通过模型定向掩码和多重插补平衡推理完整性和披露风险。

Balancing Inferential Integrity and Disclosure Risk via Model Targeted Masking and Multiple Imputation.

作者信息

Jiang Bei, Raftery Adrian E, Steele Russell J, Wang Naisyin

机构信息

Department of Mathematical and Statistical Sciences, University of Alberta, Edmonton, AB T6G 2G1, Canada.

Department of Statistics, University of Washington, Seattle, WA 98195, USA.

出版信息

J Am Stat Assoc. 2022;117(537):52-66. doi: 10.1080/01621459.2021.1909597. Epub 2021 May 4.
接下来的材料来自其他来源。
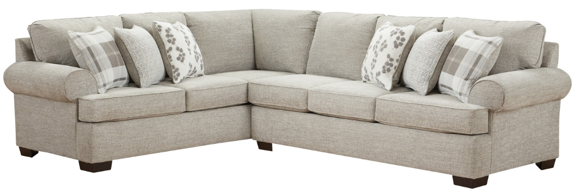 Mallory Ash, 2PC sectional, with six throw pillow (three on each piece). T seat cushion (one wing on each piece) welt on seat and back cushion. Traditional arm style with banded bottom. Total of six back cushions.Read More
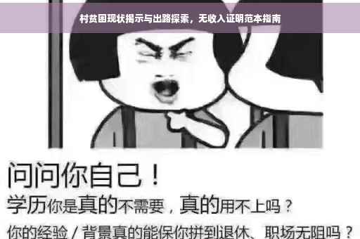 摘要:本篇内容主要关于村证明无收入的写作范本,同时揭示了农村贫困现状的挑战与出路。文中通过简洁明了的语言,概述了如何撰写村证明无收入的证明,并分析了农村贫困的严峻形势。文章指出,农村贫困问题需要通过探索有效的途径和策略来解决,以实现农村经济的可持续发展。
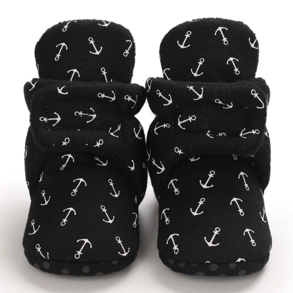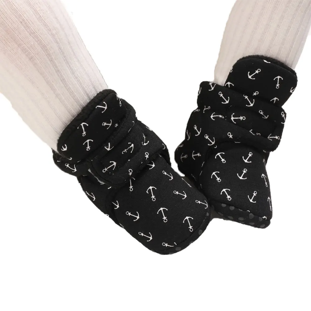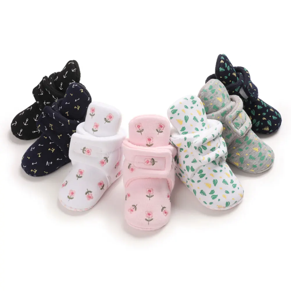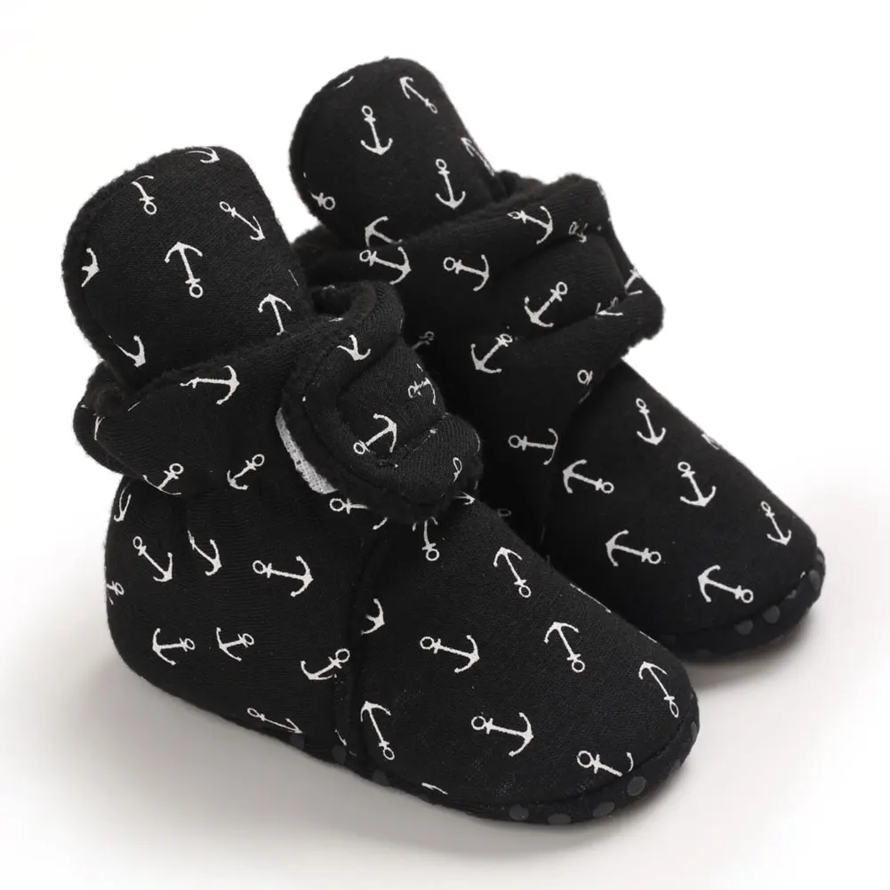 Ботиночки домашние детские, с рисунком листьев, якорей, мягкой подошвой

DOI:10.1080/01621459.2021.1909597

PMID:39391212

原文链接:https://pmc.ncbi.nlm.nih.gov/articles/PMC11466287/

Abstract

There is a growing expectation that data collected by government-funded studies should be openly available to ensure research reproducibility, and so is the concern on data-privacy. A strategy to protect individuals' identity is to release multiply imputed (MI) synthetic datasets with masked sensitivity values (Rubin, 1993). However, information loss or incorrectly specified imputation models can weaken or invalidate the inferences obtained from the MI-datasets. Studying a restricted-use Canadian Scleroderma Research Group (CSRG) dataset, the authors investigate the use of a new masking framework with a data-augmentation (DA) component and a tuning mechanism that balances between protecting identity-disclosure and preserving data-utility. They found, respectively in a work-disability and an interstitial lung disease study, using this DA-MI strategy reached 0% identity disclosure-risk, preserved all inferential conclusions, and on average produced 98.5% and 95.5% confidence intervals (CI) overlaps when compared to the 95% CIs constructed using the generic CSGR dataset; the lowest CI-overlap value is 91%. In contrast, the same is not true for the currently used methods; with the CI-overlap values ranging from 73.9% to 91.8% and the lowest value being 28.1%. These findings indicate that the DA-MI masking framework facilitates sharing of useful research data while protecting participants' identities.

摘要

人们越来越期望政府资助研究收集的数据应公开可用以确保研究的可重复性，同时对数据隐私的担忧也与日俱增。保护个人身份的一种策略是发布具有掩码敏感值的多重插补（MI）合成数据集（鲁宾，1993年）。然而，信息丢失或插补模型指定错误会削弱或使从MI数据集获得的推断无效。通过研究一个受限使用的加拿大硬皮病研究小组（CSRG）数据集，作者们调查了一种新的掩码框架的使用情况，该框架具有数据增强（DA）组件和一种在保护身份泄露与保留数据效用之间取得平衡的调整机制。他们分别在一项工作残疾研究和一项间质性肺病研究中发现，使用这种DA - MI策略实现了0%的身份泄露风险，保留了所有推断结论，并且与使用通用CSGR数据集构建的95%置信区间（CI）相比，平均产生了98.5%和95.5%的置信区间重叠；最低的CI重叠值为91%。相比之下，当前使用的方法并非如此；CI重叠值在73.9%至91.8%之间，最低值为28.1%。这些发现表明，DA - MI掩码框架在保护参与者身份的同时促进了有用研究数据的共享。